■ Source data

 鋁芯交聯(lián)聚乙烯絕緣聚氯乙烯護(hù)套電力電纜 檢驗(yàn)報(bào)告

...

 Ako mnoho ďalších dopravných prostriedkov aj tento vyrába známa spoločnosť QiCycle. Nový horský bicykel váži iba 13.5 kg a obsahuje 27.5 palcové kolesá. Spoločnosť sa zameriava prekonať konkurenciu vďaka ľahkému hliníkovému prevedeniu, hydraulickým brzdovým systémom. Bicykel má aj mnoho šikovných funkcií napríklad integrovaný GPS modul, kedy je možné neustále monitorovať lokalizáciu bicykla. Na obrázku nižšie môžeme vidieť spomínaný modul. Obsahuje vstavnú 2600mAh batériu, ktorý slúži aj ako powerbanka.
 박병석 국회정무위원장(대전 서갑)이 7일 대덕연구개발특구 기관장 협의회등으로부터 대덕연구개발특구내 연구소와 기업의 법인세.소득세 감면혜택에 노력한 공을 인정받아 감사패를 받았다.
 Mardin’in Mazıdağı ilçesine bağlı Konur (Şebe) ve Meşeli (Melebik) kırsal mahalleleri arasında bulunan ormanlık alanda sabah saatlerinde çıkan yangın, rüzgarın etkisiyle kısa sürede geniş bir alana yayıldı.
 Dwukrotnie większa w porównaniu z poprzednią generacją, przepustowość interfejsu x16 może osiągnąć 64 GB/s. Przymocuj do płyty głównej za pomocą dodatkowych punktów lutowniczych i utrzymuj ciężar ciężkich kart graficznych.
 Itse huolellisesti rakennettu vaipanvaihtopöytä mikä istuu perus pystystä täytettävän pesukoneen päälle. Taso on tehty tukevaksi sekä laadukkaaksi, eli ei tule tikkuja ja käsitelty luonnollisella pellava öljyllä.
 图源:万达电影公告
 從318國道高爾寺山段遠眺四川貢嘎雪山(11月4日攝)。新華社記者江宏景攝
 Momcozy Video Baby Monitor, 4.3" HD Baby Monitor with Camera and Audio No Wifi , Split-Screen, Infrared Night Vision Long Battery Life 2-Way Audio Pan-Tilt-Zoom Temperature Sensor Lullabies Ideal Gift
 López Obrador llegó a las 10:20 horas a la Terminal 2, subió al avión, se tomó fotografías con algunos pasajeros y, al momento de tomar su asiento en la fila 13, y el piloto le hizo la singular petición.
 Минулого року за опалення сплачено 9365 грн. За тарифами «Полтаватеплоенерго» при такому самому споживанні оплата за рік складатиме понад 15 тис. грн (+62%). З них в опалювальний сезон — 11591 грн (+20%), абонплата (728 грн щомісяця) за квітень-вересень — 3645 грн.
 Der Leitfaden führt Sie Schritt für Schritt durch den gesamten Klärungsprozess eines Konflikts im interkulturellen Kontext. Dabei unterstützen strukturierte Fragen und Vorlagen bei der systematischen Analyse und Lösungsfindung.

---

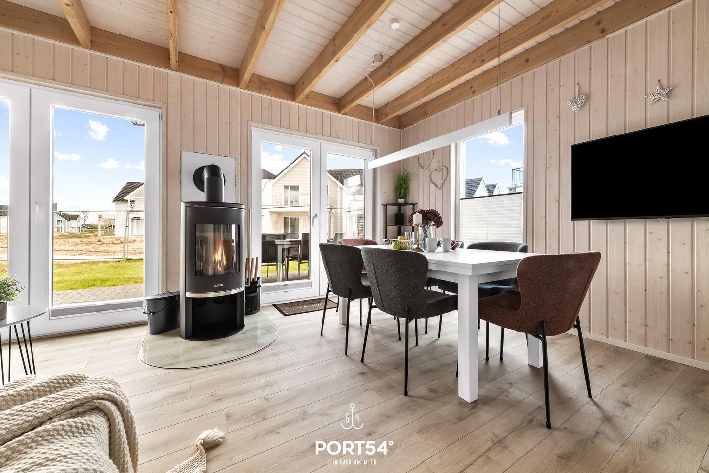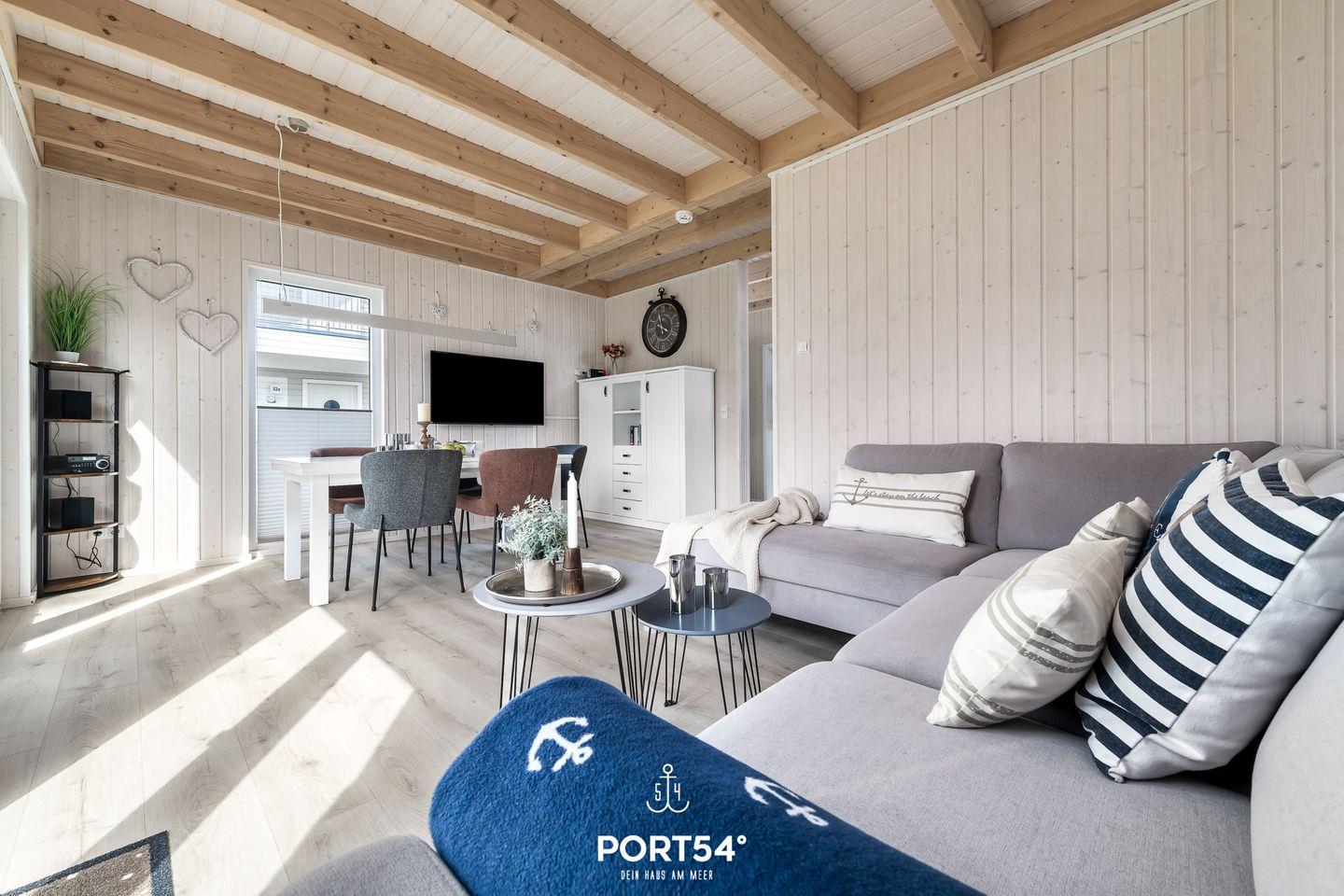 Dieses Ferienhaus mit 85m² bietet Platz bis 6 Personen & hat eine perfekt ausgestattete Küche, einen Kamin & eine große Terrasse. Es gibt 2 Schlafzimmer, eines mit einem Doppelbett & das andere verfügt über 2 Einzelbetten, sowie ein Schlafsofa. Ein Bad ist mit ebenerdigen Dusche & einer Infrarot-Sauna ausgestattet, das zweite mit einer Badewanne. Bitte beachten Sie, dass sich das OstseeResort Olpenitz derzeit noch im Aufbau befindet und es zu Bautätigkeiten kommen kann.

■ Required action
Start with the line above that contains "Dwukrotnie większa w" and stop after the line that contains "Der Leitfaden führt". Output those lines exactly, and only those.

■ Response to the exercise
 Dwukrotnie większa w porównaniu z poprzednią generacją, przepustowość interfejsu x16 może osiągnąć 64 GB/s. Przymocuj do płyty głównej za pomocą dodatkowych punktów lutowniczych i utrzymuj ciężar ciężkich kart graficznych.
 Itse huolellisesti rakennettu vaipanvaihtopöytä mikä istuu perus pystystä täytettävän pesukoneen päälle. Taso on tehty tukevaksi sekä laadukkaaksi, eli ei tule tikkuja ja käsitelty luonnollisella pellava öljyllä.
 图源:万达电影公告
 從318國道高爾寺山段遠眺四川貢嘎雪山(11月4日攝)。新華社記者江宏景攝
 Momcozy Video Baby Monitor, 4.3" HD Baby Monitor with Camera and Audio No Wifi , Split-Screen, Infrared Night Vision Long Battery Life 2-Way Audio Pan-Tilt-Zoom Temperature Sensor Lullabies Ideal Gift
 López Obrador llegó a las 10:20 horas a la Terminal 2, subió al avión, se tomó fotografías con algunos pasajeros y, al momento de tomar su asiento en la fila 13, y el piloto le hizo la singular petición.
 Минулого року за опалення сплачено 9365 грн. За тарифами «Полтаватеплоенерго» при такому самому споживанні оплата за рік складатиме понад 15 тис. грн (+62%). З них в опалювальний сезон — 11591 грн (+20%), абонплата (728 грн щомісяця) за квітень-вересень — 3645 грн.
 Der Leitfaden führt Sie Schritt für Schritt durch den gesamten Klärungsprozess eines Konflikts im interkulturellen Kontext. Dabei unterstützen strukturierte Fragen und Vorlagen bei der systematischen Analyse und Lösungsfindung.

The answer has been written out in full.